---------- Data in this exercise ----------

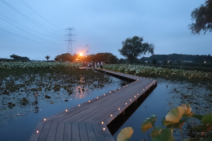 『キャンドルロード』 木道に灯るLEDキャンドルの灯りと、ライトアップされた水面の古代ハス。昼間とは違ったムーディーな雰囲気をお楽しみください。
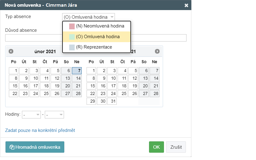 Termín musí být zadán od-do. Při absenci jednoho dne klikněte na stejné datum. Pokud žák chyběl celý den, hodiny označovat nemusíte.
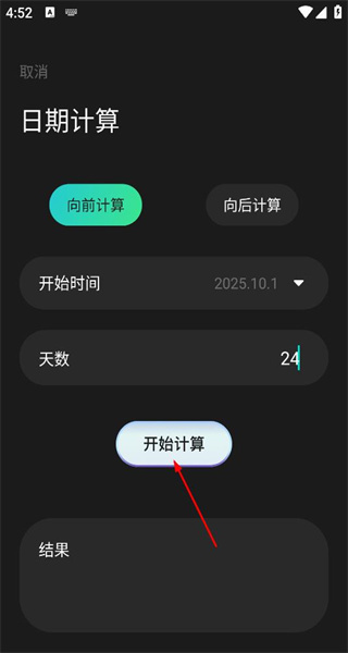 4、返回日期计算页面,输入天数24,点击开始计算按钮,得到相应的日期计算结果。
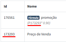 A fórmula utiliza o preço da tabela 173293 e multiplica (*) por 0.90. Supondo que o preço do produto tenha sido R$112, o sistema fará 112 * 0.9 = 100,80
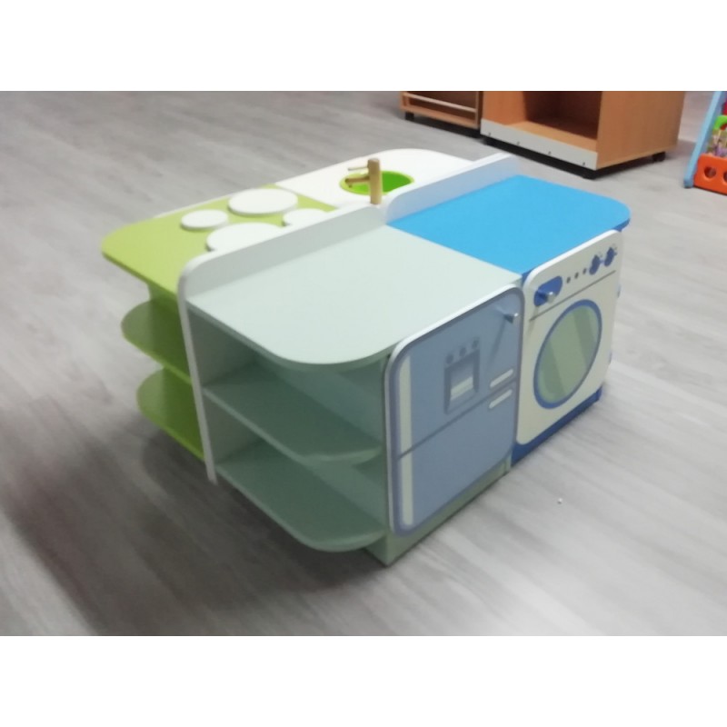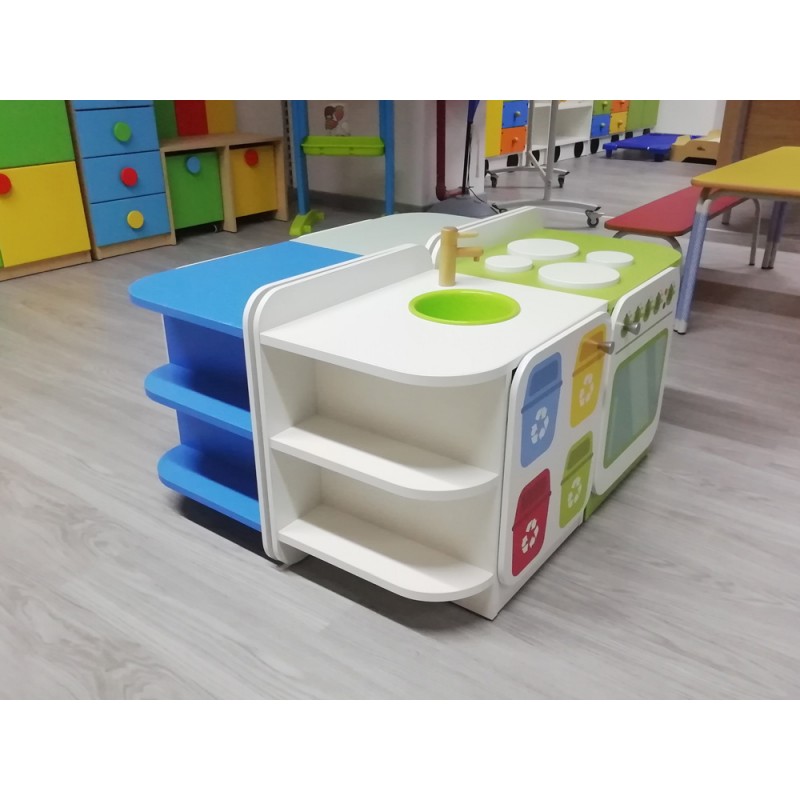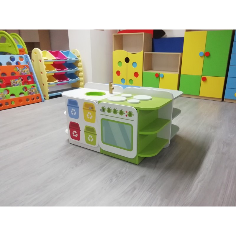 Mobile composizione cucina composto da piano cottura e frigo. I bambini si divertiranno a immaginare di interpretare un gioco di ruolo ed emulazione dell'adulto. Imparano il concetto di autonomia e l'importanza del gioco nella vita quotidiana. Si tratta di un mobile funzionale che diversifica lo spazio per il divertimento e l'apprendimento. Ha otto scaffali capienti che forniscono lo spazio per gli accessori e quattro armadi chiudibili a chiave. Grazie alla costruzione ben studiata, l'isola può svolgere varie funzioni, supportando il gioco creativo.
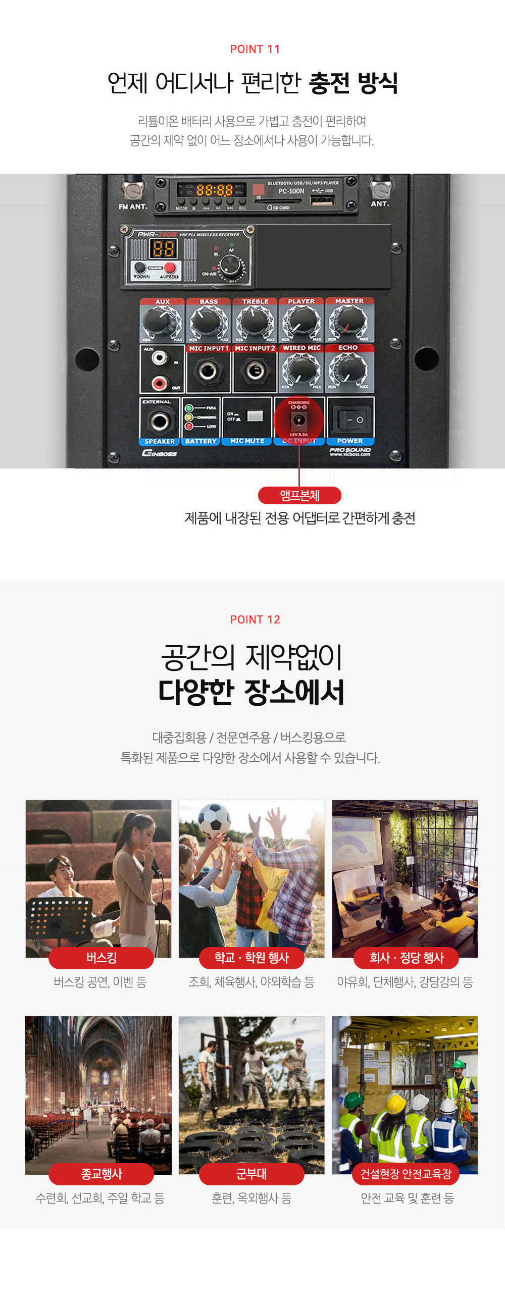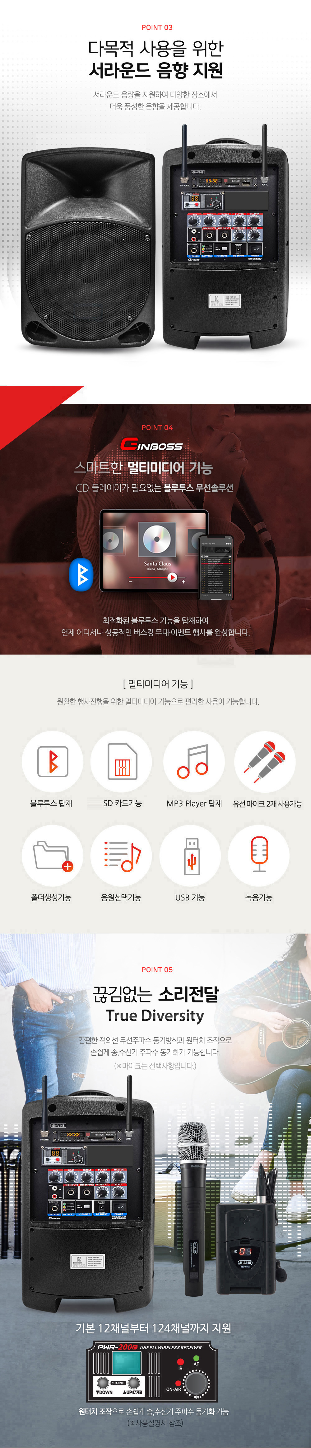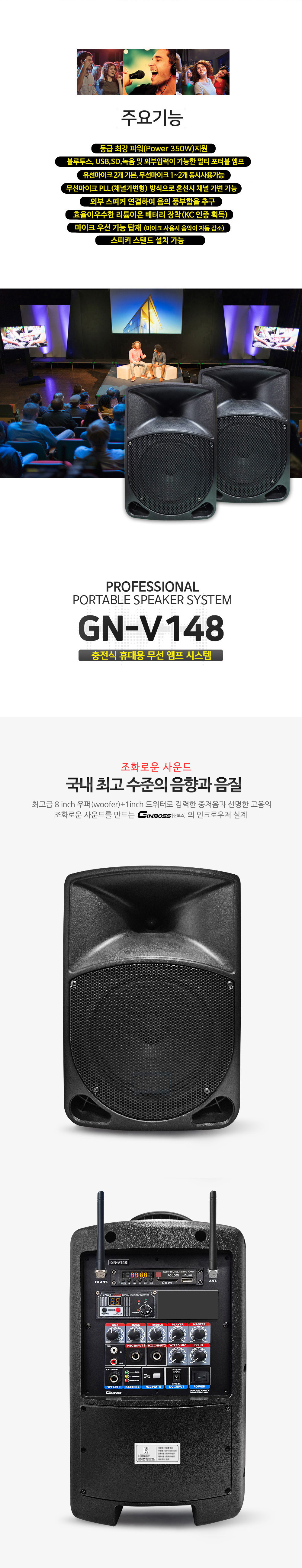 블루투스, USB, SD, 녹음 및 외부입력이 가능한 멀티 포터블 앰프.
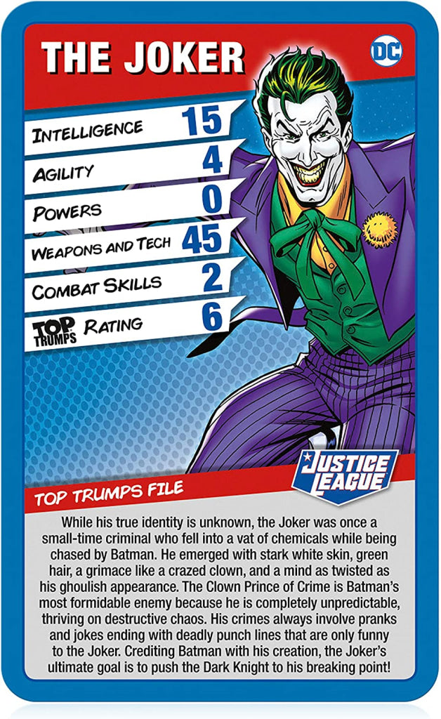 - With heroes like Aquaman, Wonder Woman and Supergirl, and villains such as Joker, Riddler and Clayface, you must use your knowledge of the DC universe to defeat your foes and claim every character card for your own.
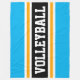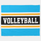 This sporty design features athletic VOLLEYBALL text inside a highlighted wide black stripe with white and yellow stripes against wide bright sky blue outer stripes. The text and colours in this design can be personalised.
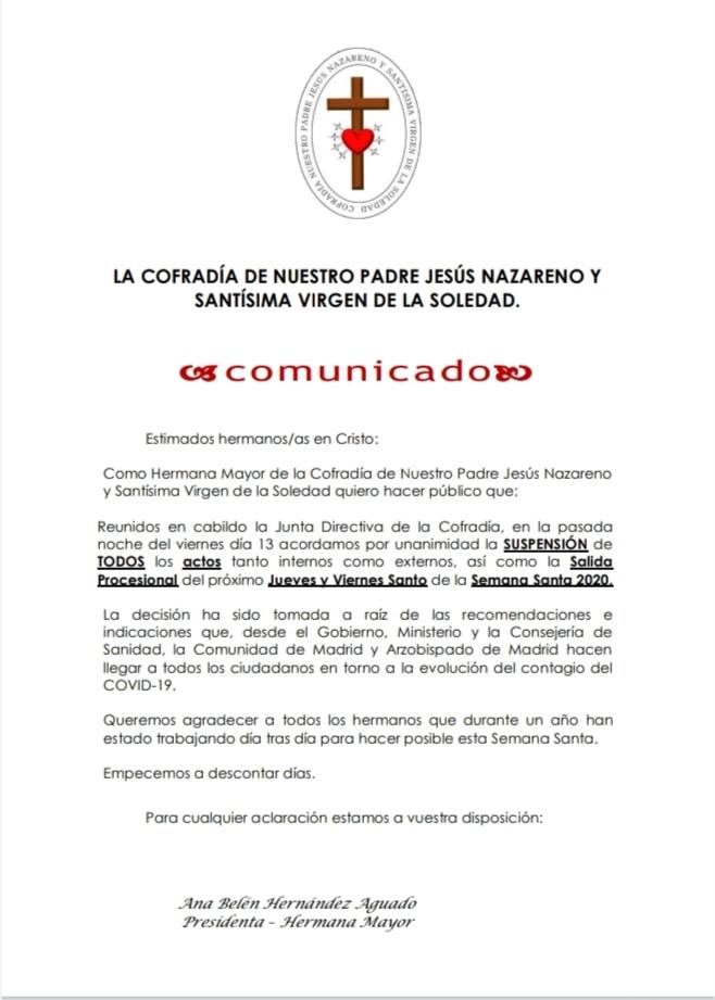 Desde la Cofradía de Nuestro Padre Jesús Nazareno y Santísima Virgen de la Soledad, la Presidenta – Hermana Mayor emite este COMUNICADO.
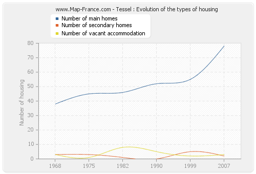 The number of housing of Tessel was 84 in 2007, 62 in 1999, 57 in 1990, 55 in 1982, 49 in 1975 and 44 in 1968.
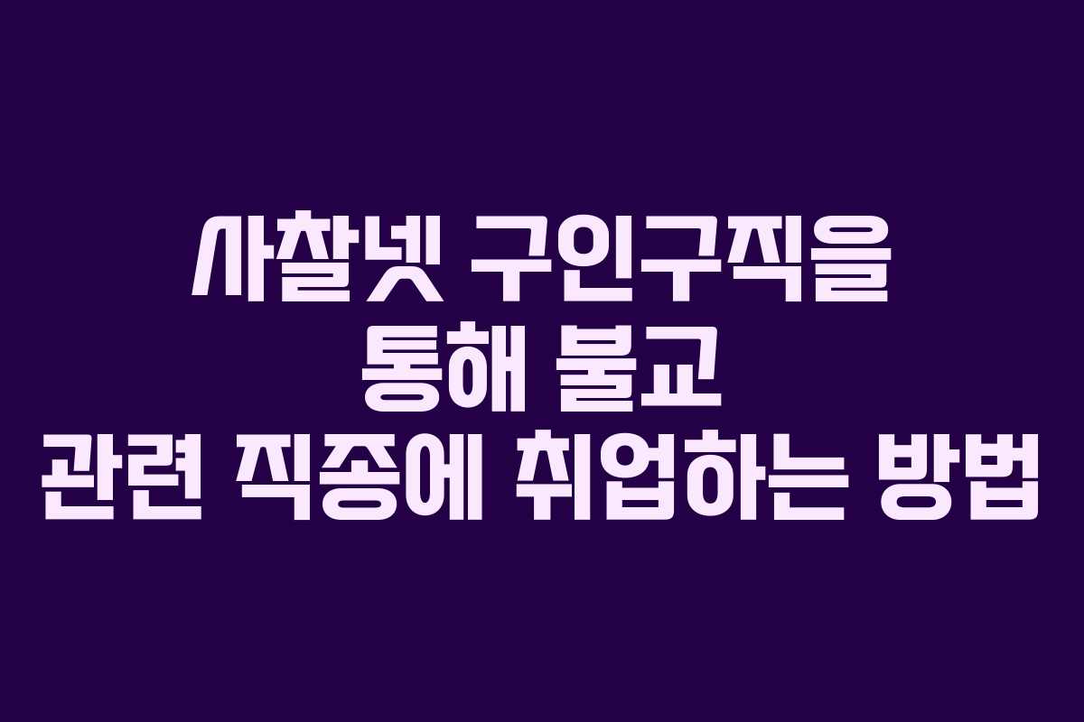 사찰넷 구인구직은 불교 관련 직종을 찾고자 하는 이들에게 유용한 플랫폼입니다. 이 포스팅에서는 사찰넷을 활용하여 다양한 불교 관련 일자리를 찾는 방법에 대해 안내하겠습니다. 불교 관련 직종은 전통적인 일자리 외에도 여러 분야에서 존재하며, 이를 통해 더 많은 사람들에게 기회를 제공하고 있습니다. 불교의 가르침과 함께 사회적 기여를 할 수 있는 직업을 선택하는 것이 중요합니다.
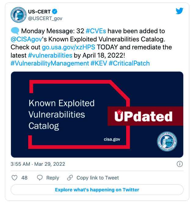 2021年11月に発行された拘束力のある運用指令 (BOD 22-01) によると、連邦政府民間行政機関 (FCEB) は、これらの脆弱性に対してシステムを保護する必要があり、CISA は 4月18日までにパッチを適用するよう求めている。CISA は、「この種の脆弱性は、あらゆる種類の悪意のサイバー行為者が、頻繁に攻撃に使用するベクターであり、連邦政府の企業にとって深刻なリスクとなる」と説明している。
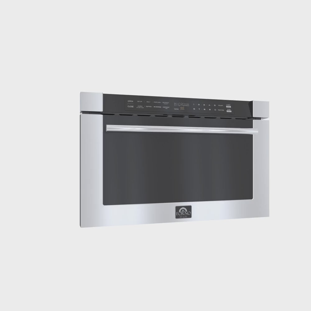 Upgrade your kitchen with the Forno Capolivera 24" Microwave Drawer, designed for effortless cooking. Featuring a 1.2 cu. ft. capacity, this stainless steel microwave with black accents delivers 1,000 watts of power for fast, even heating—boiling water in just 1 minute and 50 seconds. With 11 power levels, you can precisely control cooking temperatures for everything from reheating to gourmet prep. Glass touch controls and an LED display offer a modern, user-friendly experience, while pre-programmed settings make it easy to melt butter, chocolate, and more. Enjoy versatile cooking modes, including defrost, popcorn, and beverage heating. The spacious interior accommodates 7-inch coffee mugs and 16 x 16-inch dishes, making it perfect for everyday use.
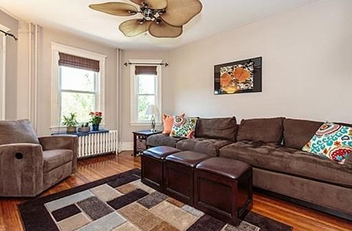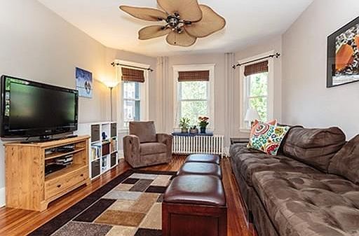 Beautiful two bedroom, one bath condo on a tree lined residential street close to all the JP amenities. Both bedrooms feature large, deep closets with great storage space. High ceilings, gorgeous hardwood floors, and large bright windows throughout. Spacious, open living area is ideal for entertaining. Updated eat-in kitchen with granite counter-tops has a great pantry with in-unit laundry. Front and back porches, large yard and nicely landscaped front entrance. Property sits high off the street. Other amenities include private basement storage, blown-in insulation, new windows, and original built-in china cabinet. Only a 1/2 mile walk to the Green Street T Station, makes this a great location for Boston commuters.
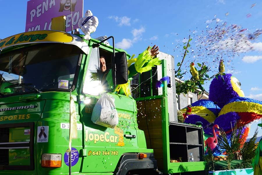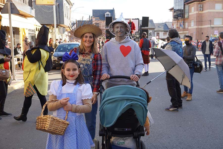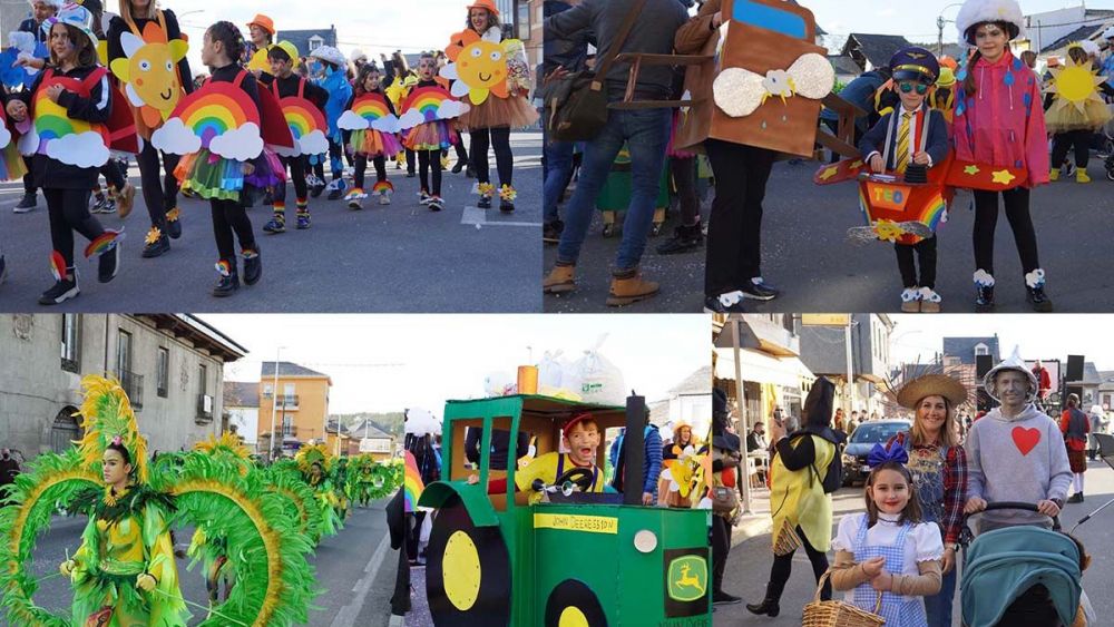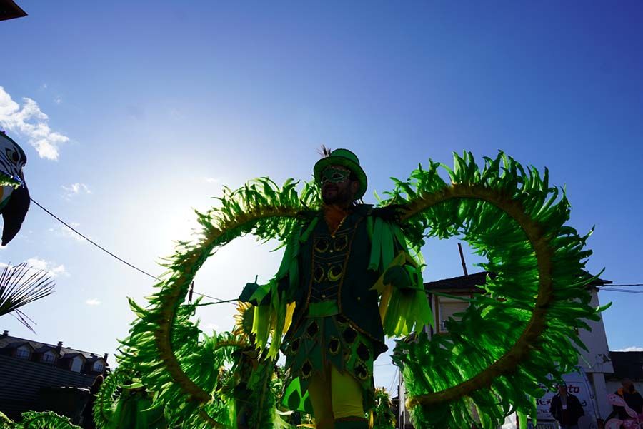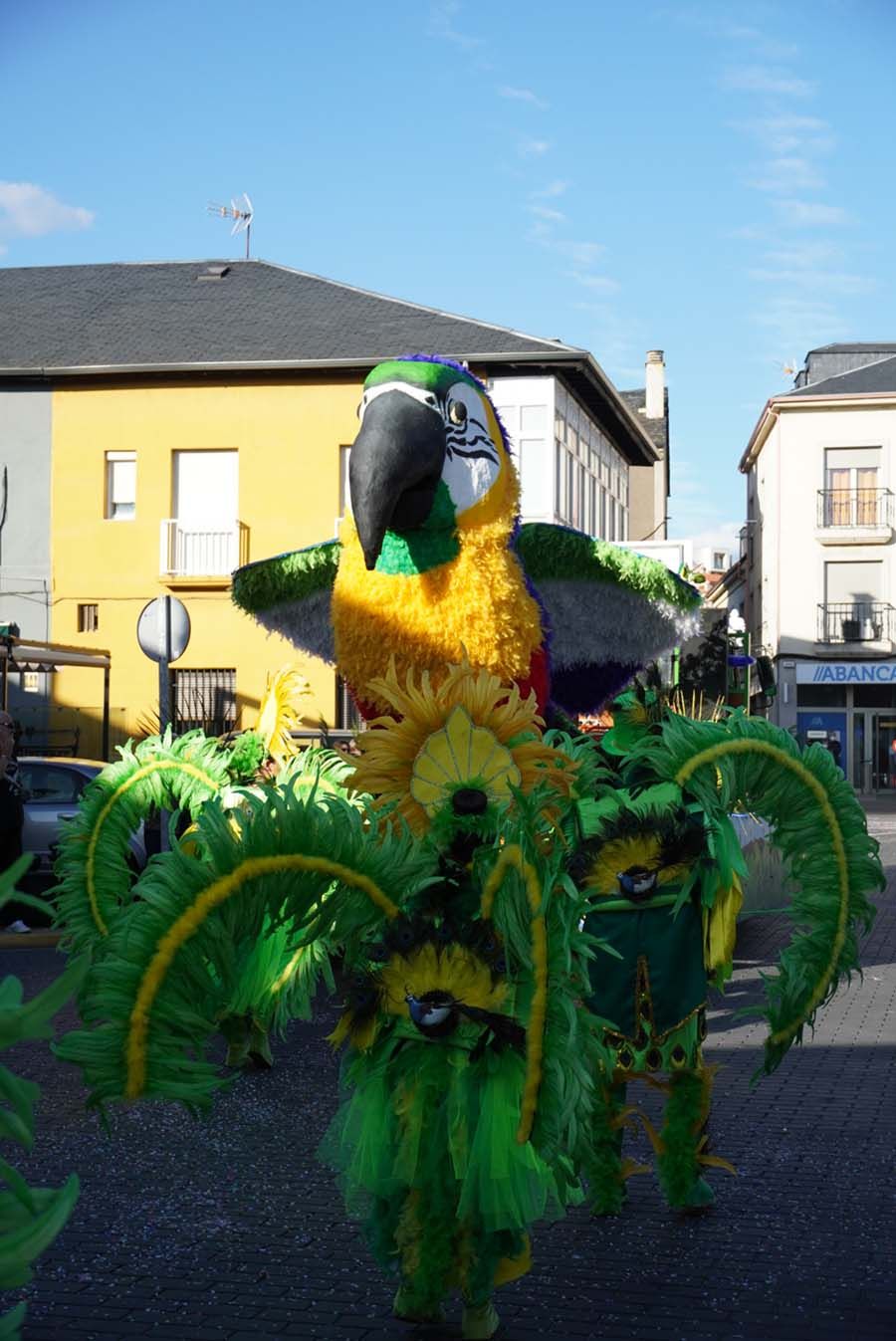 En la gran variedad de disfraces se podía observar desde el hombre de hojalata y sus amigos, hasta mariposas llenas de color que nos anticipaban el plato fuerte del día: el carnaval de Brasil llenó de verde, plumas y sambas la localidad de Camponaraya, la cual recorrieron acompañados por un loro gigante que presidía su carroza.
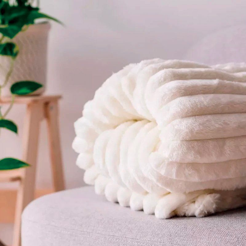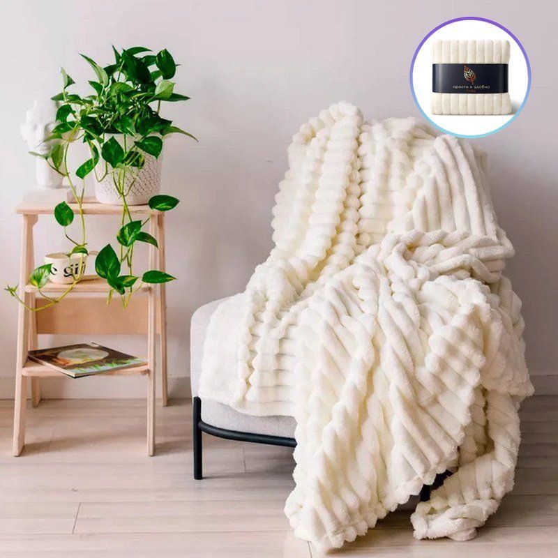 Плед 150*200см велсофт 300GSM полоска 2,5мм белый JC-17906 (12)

----------

All that is needed is an exact copy of the lines from the top of the entries through the line containing "4、返回日期计算页面,输入天数24,点击开始计算按钮,得到相应的日期计算结果。", pictures left out.

 『キャンドルロード』 木道に灯るLEDキャンドルの灯りと、ライトアップされた水面の古代ハス。昼間とは違ったムーディーな雰囲気をお楽しみください。
 Termín musí být zadán od-do. Při absenci jednoho dne klikněte na stejné datum. Pokud žák chyběl celý den, hodiny označovat nemusíte.
 4、返回日期计算页面,输入天数24,点击开始计算按钮,得到相应的日期计算结果。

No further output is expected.